Imprisoned by Technology — Are we Hamsters in Simulators?

We have always had technology beginning with the flint and axe and early adopters have often reaped the rewards. Thanks to technology much of the modern world gained access to clean water abundant food and we are now able to communicate freely and widely. We can go into a library for nothing with our children, find a special book. Technology helped us of course but most of the devices we used like pens, engines, electricity, pulleys and presses came with a personal experience.

Sadly technologies of today are undoing centuries of work and human interaction. We are polluting the water, destroying the land, we are awash with disorders of the mind, we are contacting without communicating, and our new vast library, the Internet consumes most of our waking hours as we live vicariously through others and their stories.

It seems that our minds are full but we are no longer mindful. Without silence, space and time for reflection, physical interaction with people we love and admire, the part of us that imagines, dreams, explores questions — is dulled, and in many cases tuned out.

Watch at your next meeting for those who cannot stay away from their mobile in the event they might miss something. They simply don't follow the conversation merely the anecdotes. Like magpies we are too often attracted by shiny objects. The art of discourse is dying so fast and all we can do is have endless workshops at vast cost to understand in some cases the simplest of business problems.

Many of us twiddle with technology like a sixth finger, at lightning speed and rarely question the many random tasks we achieve each day. As long as we are ticking the boxes off our to-do list we think we are making progress. 

It seems we are using technology to arrange the world so we don't have to experience it.

You can order your cheeseburger or chow mein without ever interacting with a human being. There are apps that will automatically wish your friends a happy birthday so you never need to think warm thoughts of them again.

Work as I observe is beginning to look like running on a hamster wheel. No less busy than before, rather less meaningful and certainly the quality of output tends to be iterative versus something truly new. 

Finding something new I feel is taking too long. People don't seem to have any thoughtful time with their technology distractions and an insatiable desire to know a little about everything consumes their waking hours. Your dog these days could well have more clarity of thought and purpose than you do.

Without sustained attention, we fail to feed our personalities, and so they shrink away in isolation from the world. Somehow the rich world of experience is not being shared offline. Everything is a click away from sex to sneakers.

The implicit promise is that these new efficiencies will make life easier and we will have more time to live. But that day never comes.

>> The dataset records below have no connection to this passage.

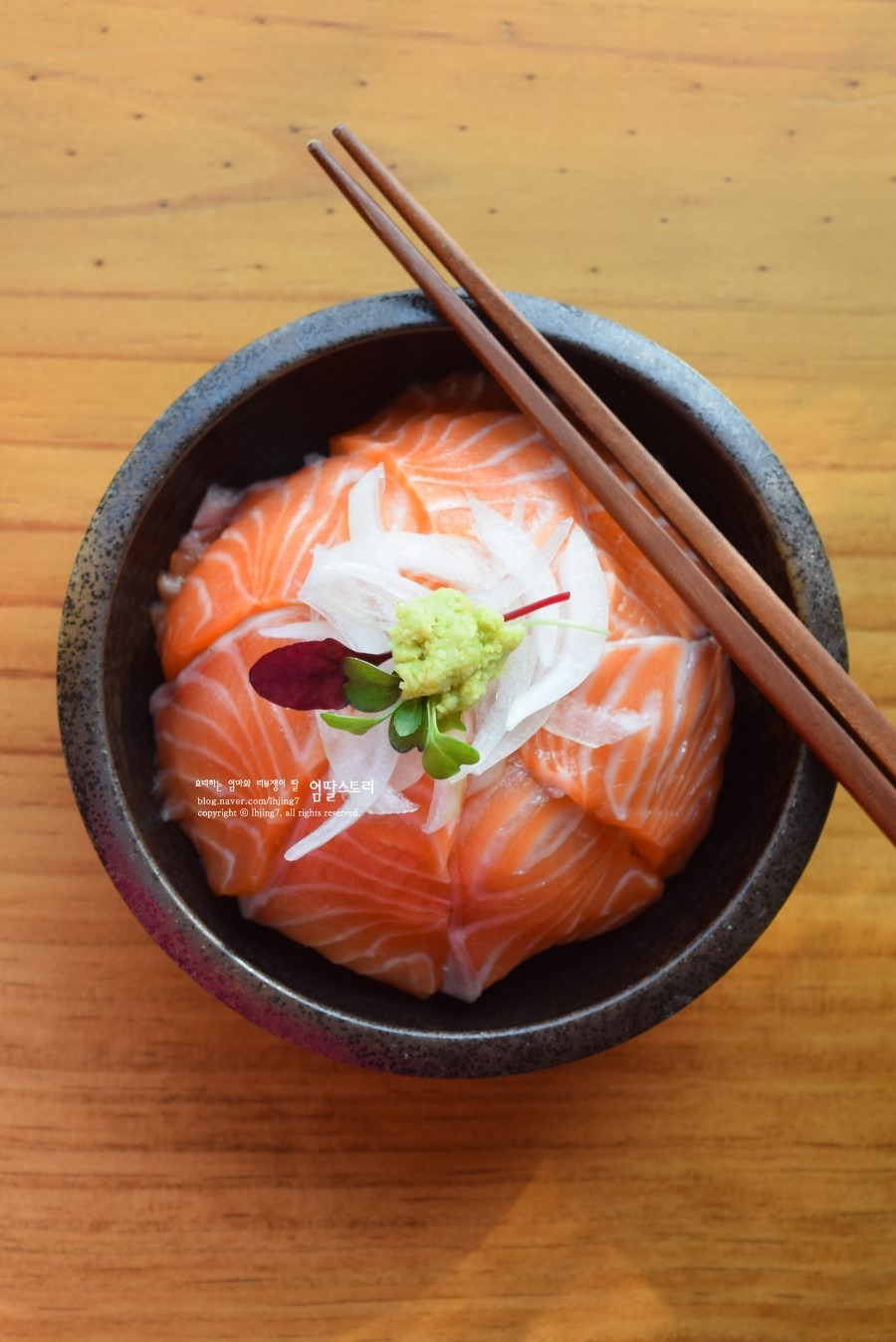 생연어를 먹기 좋은 크기로 썰어주세요.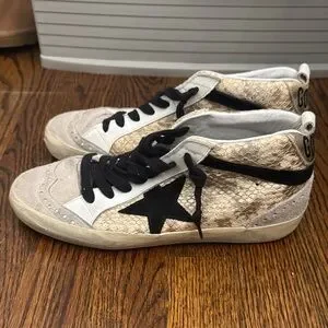 Stylish Golden Goose sneakers. Beige textured upper with black star and laces. Comfortable and trendy. Mid top… beautiful snake skin detail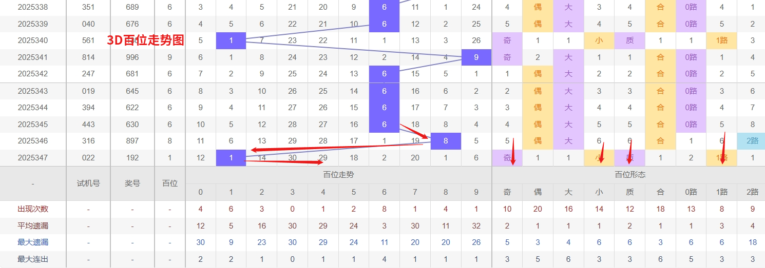 福彩3D百位分析:第2025347期百位开出号码1属于小奇数,从上面百位走势图上可以看出近100期大小比约为48:52奇偶比约为53:47。近期数据还是比较极端的符合文章开头介绍的求均衡规律非等量现象。但这种均衡不会持续最终会被偏态运行打破,然后循环往复。但短期内大小相差7点,大数过热小数有回补需求本期个人认为走小数的概率更高。上期百位落号“1”号球,在百位号码开出1路号码1后向小数方向走出7个振幅。那么通过分析上期百位落位号码分析,号码走出7个振幅,号码走为小奇数,开出1路号码1。通过对百位落号趋势来分析,百位号码落位前端,通过对近10期的走势来看百位号码大小交替频繁走2期大数又走3小数,近期3D百位走势中,数字3和4持续低温,遗漏值已逐步接近临界区间,从概率平衡与冷态回补规律来看,这两码存在较强的技术性反弹需求,短期内需密切关注其解冻信号。与此同时,数字2作为温号,近期出现频次稳中有升,形态上呈现振幅收窄、位置活跃的迹象,有较大概率向热号过渡,转热势头值得防范。综合来看,百位接下来需兼顾冷号回补与温号转热的两重可能,尤其注意冷号突然开出带动温号连续跟随的节奏变化。们在百位关注的重点在23457这5个号码球上,百位号码近期奇偶切换频繁,1号球码属于1路号码奇数,现奇数开出过多有继续向奇数的趋势。所以福彩3D第2025348期百位看好23457本文由一起彩钱是生命动力所著,请勿转载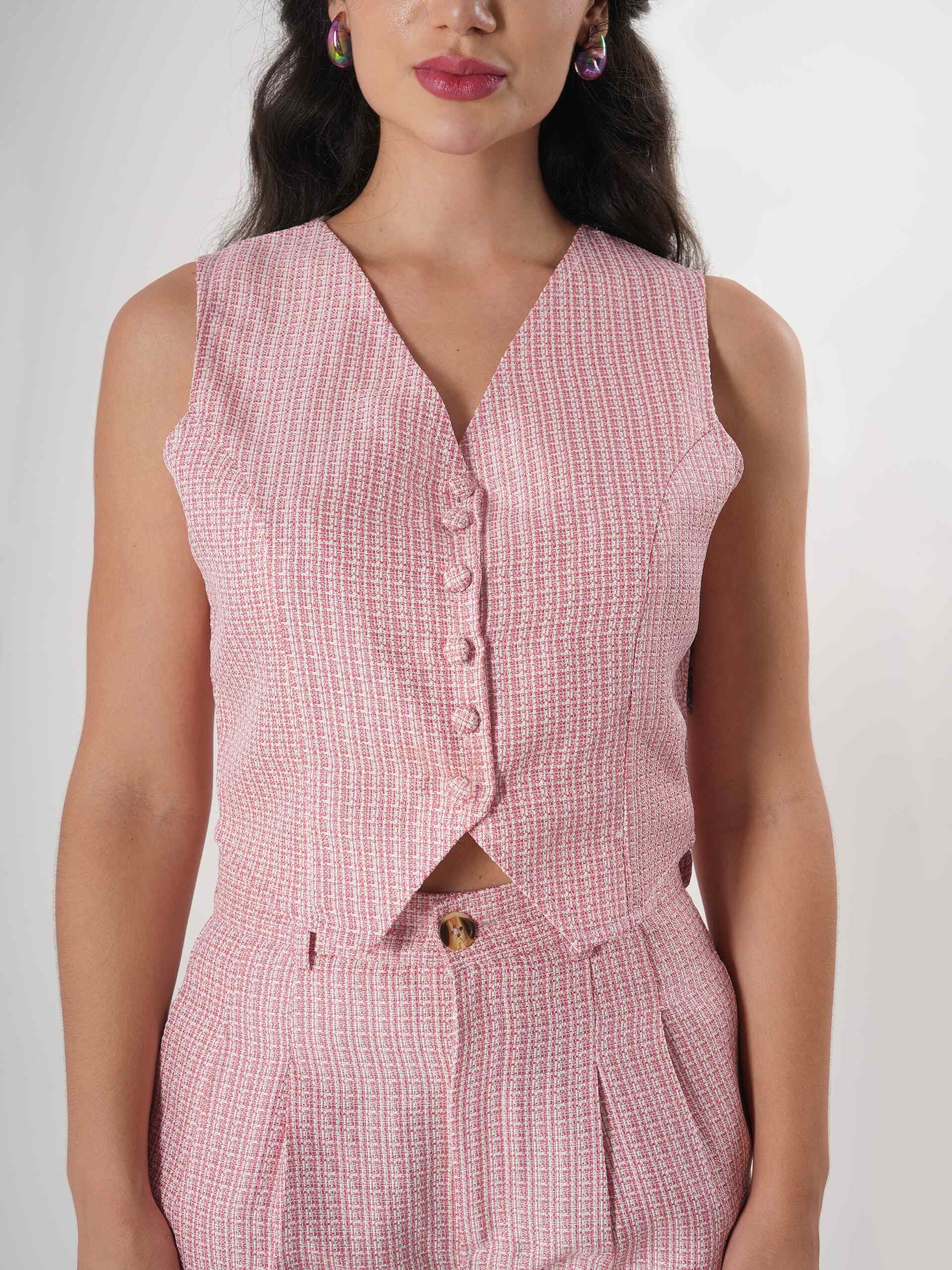 Pink & White Co Ord Set for women β Chic & Elegant! πΈβ¨ Stay stylish with this V-neck sleeveless waistcoat top and slim-fit bottoms, crafted from breathable cotton with a unique weaved texture. Perfect for effortless elegance and comfort. β Zip closure & pockets β Light pink & white β Sizes XS-XXL π COD & Easy Exchange Available! Order now! π #CoOrdSet #SummerStyle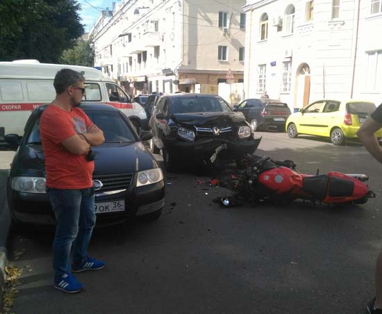 Свидетели ДТП сообщили в городской группе «Типичный Воронеж» соцсети «ВКонтакте»: «Мотоциклист ехав через перекресток на зеленый решил сделать трюк, вроде "Вилли", при ударе о землю его подбросило и он вылетел на встречку, после чего был громкий удар» , «водитель мото… просто перелетел и упал более менее, на ноги и лишь потом на спину», «хорошо, что был в шлеме и в мотоциклетном костюме..»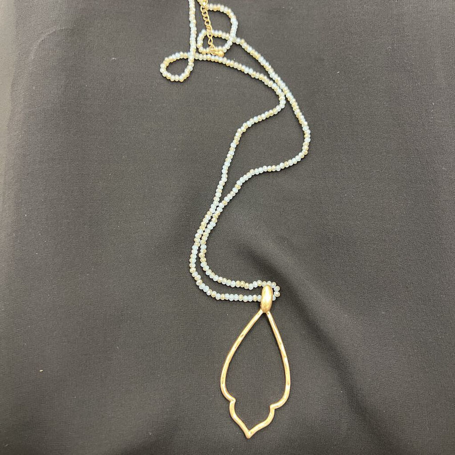 Gray beaded Necklace with Gold Pendant - $15.25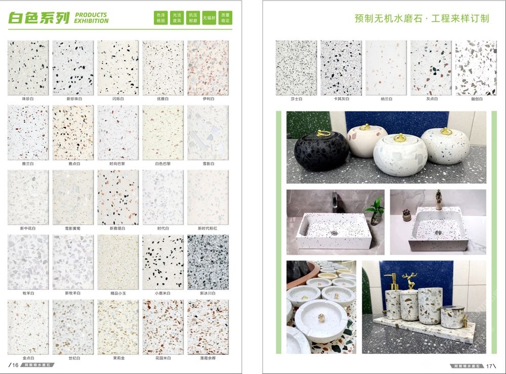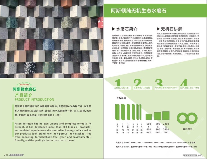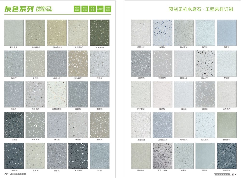 發(fā)布信息: #阿斯頓水磨石 新版畫冊預告,喜歡嗎 純無機水磨石,專業(yè),品質(zhì)保證! ① 無樹脂、天然花色 ② 可定制任意款式(設(shè)計/尺寸) ③ 來板仿樣2~3天完成 ④ 生產(chǎn)、銷售、加工一體化

Instead we are having our food bought in, so often eating alone, watching streaming movies to avoid the pain of meeting friends at the cinema and suddenly this frictionless existence means we are no longer truly living despite all this efficiency.

American record producer DJ Khaled is notorious for broadcasting each moment of his day to day life. So far it has cost him $80,000USD for broadcasting credit card information, among other things.

American record producer DJ Khaled is notorious for broadcasting each moment of his day to day life. So far it has cost him $80,000USD for broadcasting credit card information, among other things.

Now you can broadcast anything you see any time to the entire planet. My worry is that in recording and sharing so much of our lives we’re neglecting to actually live them. Many of us may well be living in a simulator and not know it. The big question is, can technology save us? The answer is no, because we are a tool making species and not ourselves tools, I hope we’ll soon get this, before its to late. Machines can help to change our circumstances but they cannot reflect on value or morality.

Technology cannot do ethics. Drone attacks are never overridden by software with a social conscience. Wouldn't that be nice.

The ideal scenario is where the online and the off-line collaborate to make things better. I am highly disappointed at the moment that there is very little conversation going on. We are literally on the brink of making this planet uninhabitable. Destroying environments to the point where we have environmental vandalism, dressed in drag as mass tourism or infant formula being traded off against polluting rivers, the excesses are all around us.

There’s a global war on terrorism but nowhere near the same war on eco-vandalism.

It seems we need more pain to change our political will and without ethics we have little chance. Technologies can really help a lot by providing a more intelligent way to consume less. But at present I feel we are using technology to do the reverse.

Until we stop our desire to buy that T-shirt or that Yoghurt that cost so little, without someone or some environment suffering, this ground up movement for change will continue to splutter. Of course those that benefit from the status quo will likely battle against progressive change, as their lives depend on it. But consider the positive mood where we are now just beginning to pay more for cars because they use less fuel or none at all, however, we are still not yet at that major life-changing tipping point.

A man shovels up oil on a section of beach about a mile east of the Refugio oil spill in California, May 2015.

A man shovels up oil on a section of beach about a mile east of the Refugio oil spill in California, May 2015.

The funny thing about technology, it brings you gifts in one hand, and stabs you in the back with the other.

‘You cannot endow even the best machine with initiative; the jolliest steamroller will not plant flowers.’